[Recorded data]
-- Opening Marker --

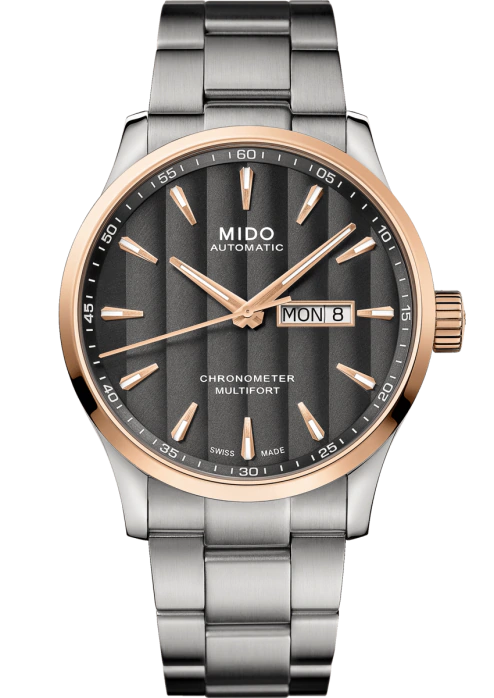 Mido Multifort . Die Uhr hat folgende Funktionen: Datum und Day-Date. Die Grundparameter der Uhr sind: bewegungsart ist mechanische Uhr mit automatischem Aufzug, wasserabweisend ist 100 m, armbandmaterial ist Stahl und ziffernblattfarbe ist grau.
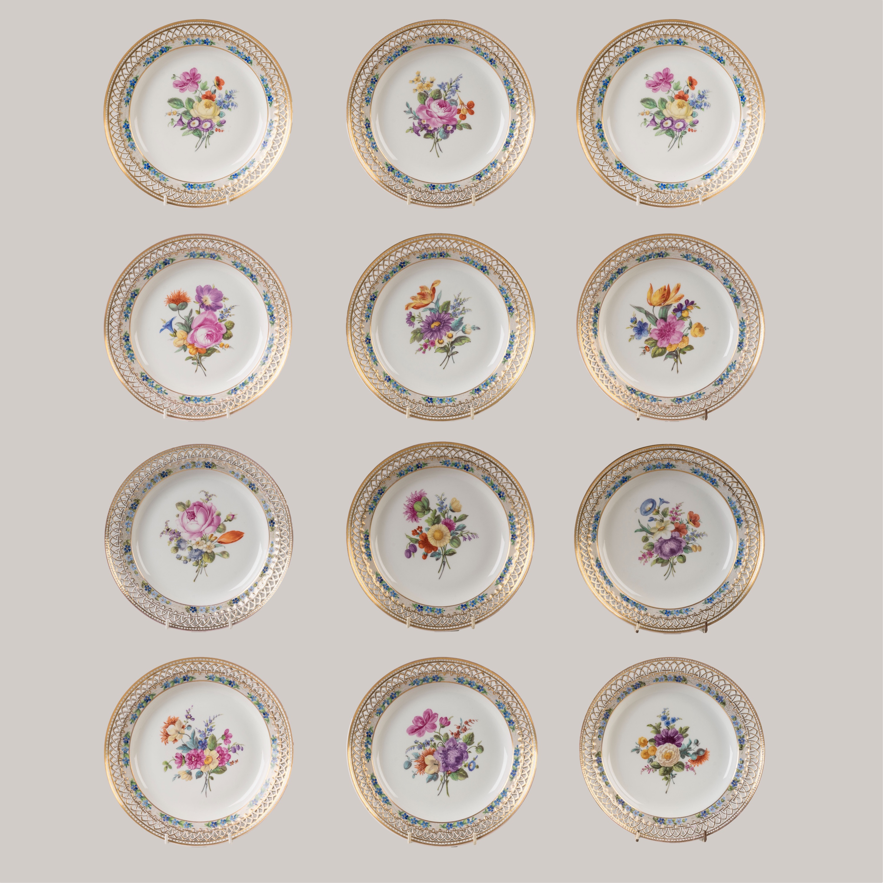 Set of 12 Reticulated Hand-Painted KPM Porcelain Plates
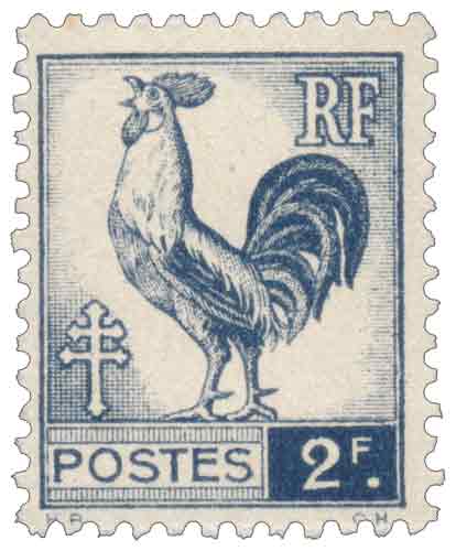 | Commentaire | Timbre gommé émis en France en 1944, le Coq d’Alger à 2 F bleu-noir appartient à la série provisoire mise en place par le Comité français de Libération nationale afin d’assurer la continuité du service postal dans les territoires libérés, d’abord en Corse puis sur l’ensemble du territoire métropolitain à partir de novembre 1944. Dessiné par Henry Razous et reproduit par reports lithographiques, ce timbre d’usage courant associe le coq gaulois, symbole national inédit sur un timbre-poste français, à la croix de Lorraine et au monogramme « RF », affirmant visuellement la rupture avec les émissions du régime précédent. Sa valeur faciale de 2 francs correspond principalement à l’affranchissement de la lettre intérieure au deuxième échelon de poids, dans un contexte de fortes tensions logistiques et tarifaires liées à la Libération. Imprimé en Algérie par l’atelier Typo-Litho Carbonnel, ce timbre illustre le rôle central d’Alger comme pôle administratif et technique du Gouvernement provisoire, ainsi que le caractère transitoire mais hautement symbolique de cette série dans l’histoire postale française. |
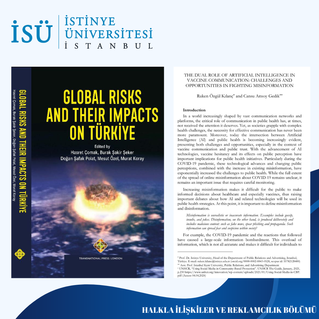 İletişim Fakültesi Halkla İlişkiler ve Reklamcılık Bölümü Bölüm Başkanı Prof. Dr. Ruken ÖZGÜL KILANÇ hocamızın bölüm yazarı olarak yer aldığı Global Risks and Their Impacts on Türkiye başlıklı kitap yayınlandı. Hocamız “The Dual Role of Artificial Intelligence in Vaccine Communication: Challenges and Opportunities in Fighting Misinformation” başlıklı bölümü kaleme aldı. Hocamızı ve emeği geçen herkesi tebrik ederiz.
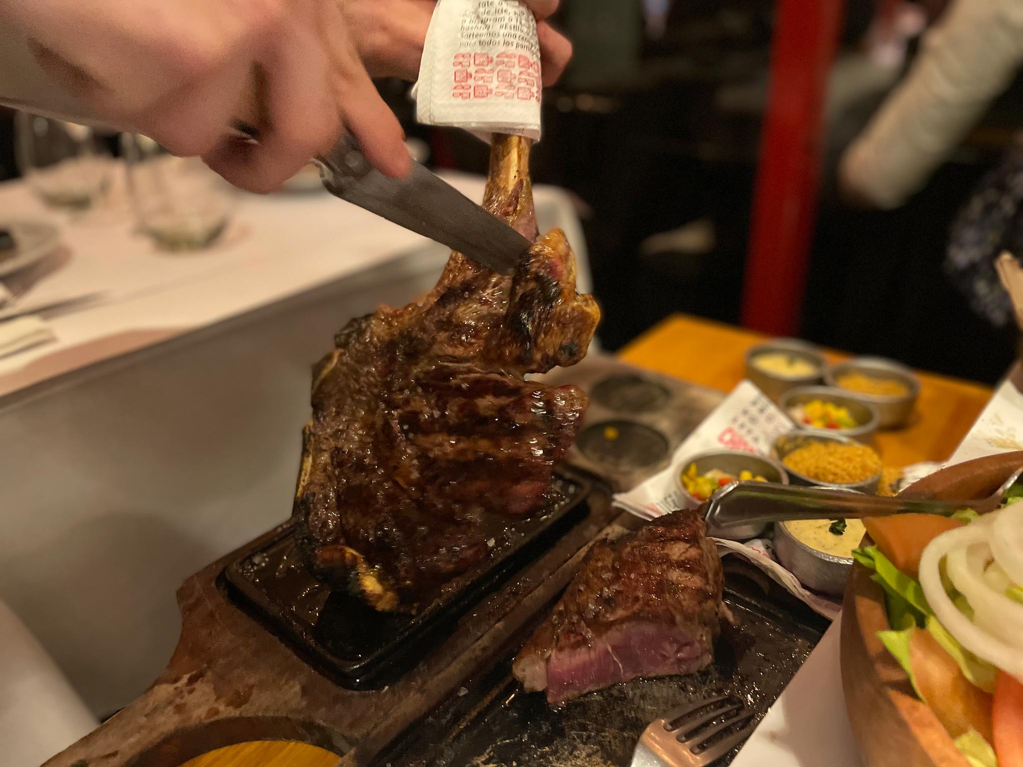 My giant axe of a steak arrives and holy moly, it’s so incredibly succulent and juicy and tasty. It’s pink in the middle and it has those beautiful nuggets of rendered fat in between the meat. I thought they would give us some chimichurri but this is plain with a bit of salt and some creamy sauce on the side. I’m not complaining. I thought I would struggle to finish this but it’s so appetising that I power through like a champ. Phoebe is having a harder time with hers and I don’t have the capacity to help her. We were even thinking of getting flan, there is absolutely no room for that. The salad is practically untouched. I’m also wasted off the Malbec.
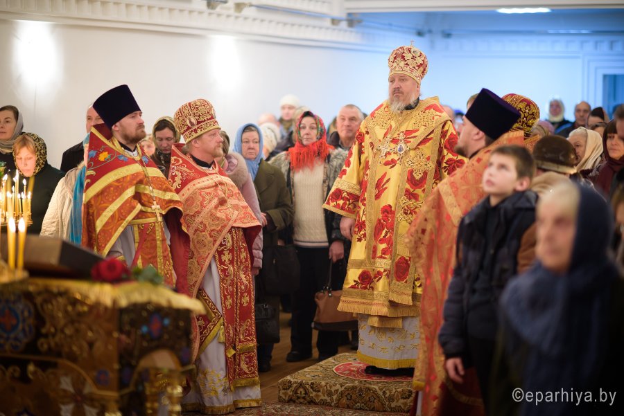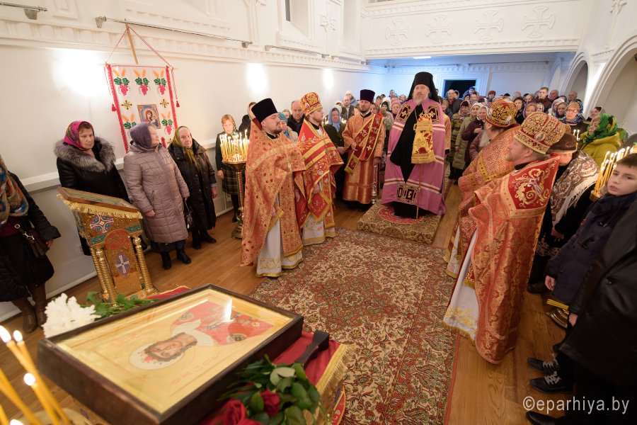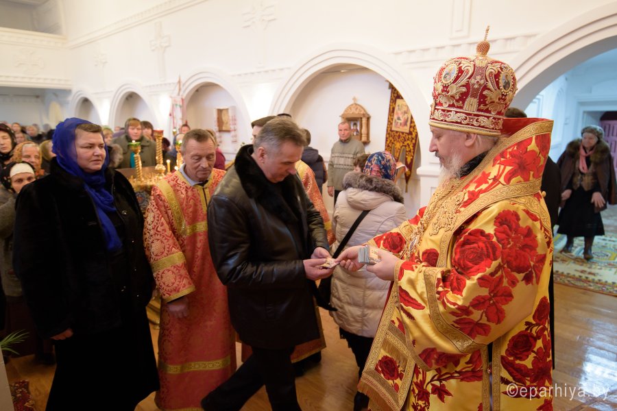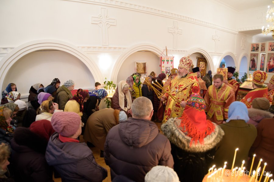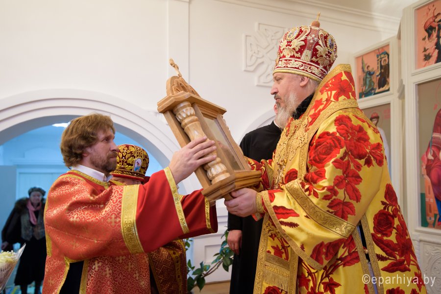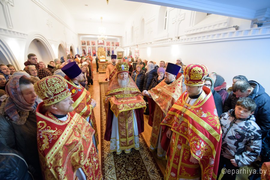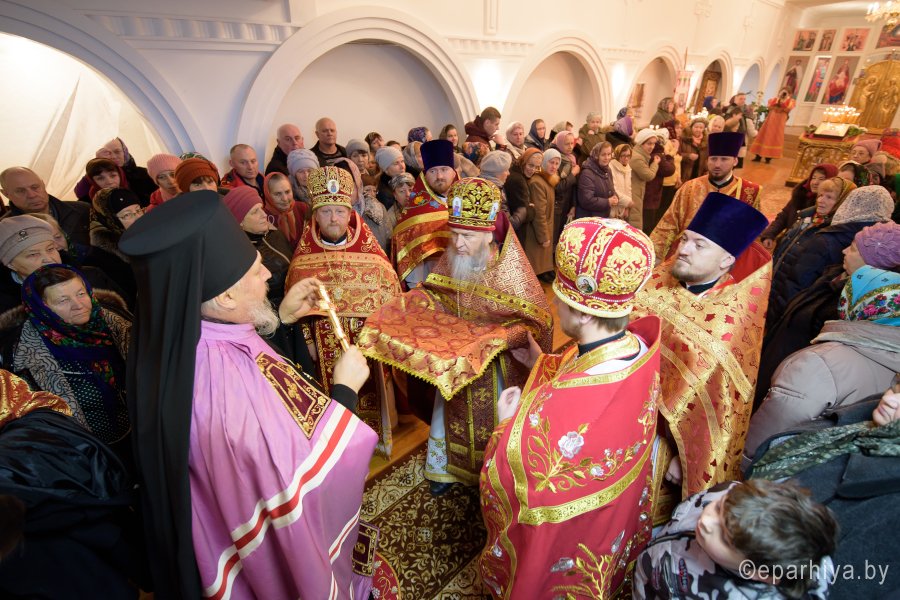 Божественную литургию в день памяти св.вмц.Варвары Преосвященный Стефан совершил в одноименном храме аг.Боровики 17 декабря 2017г. Преосвященному сослужили: секретарь Гомельской епархии протоиерей Георгий Алампиев, благочинный Светлогорского округа протоиерей Александр Кисель, настоятель храма архимандрит Алексий (Желенок) и духовенство Гомельской епархии. По окончании богослужения Владыка совершил чин славления вмц.Варвары. Преосвященному Стефану был передан в дар Святой Образ. После чего епископ Гомельский и Жлобинский Стефан вручил присутствующим памятные иконки, поздравил причастников с принятием Святых Христовых Таин и обратился к молящимся со словами Архипастырского назидания. |

-- Closing Marker --

= Exercise brief =
Keep the pictures out and repeat exactly the lines from the beginning of the data through the line that contains "Set of 12 Reticulated", both ends included.

= Answer to this problem =
 Mido Multifort . Die Uhr hat folgende Funktionen: Datum und Day-Date. Die Grundparameter der Uhr sind: bewegungsart ist mechanische Uhr mit automatischem Aufzug, wasserabweisend ist 100 m, armbandmaterial ist Stahl und ziffernblattfarbe ist grau.
 Set of 12 Reticulated Hand-Painted KPM Porcelain Plates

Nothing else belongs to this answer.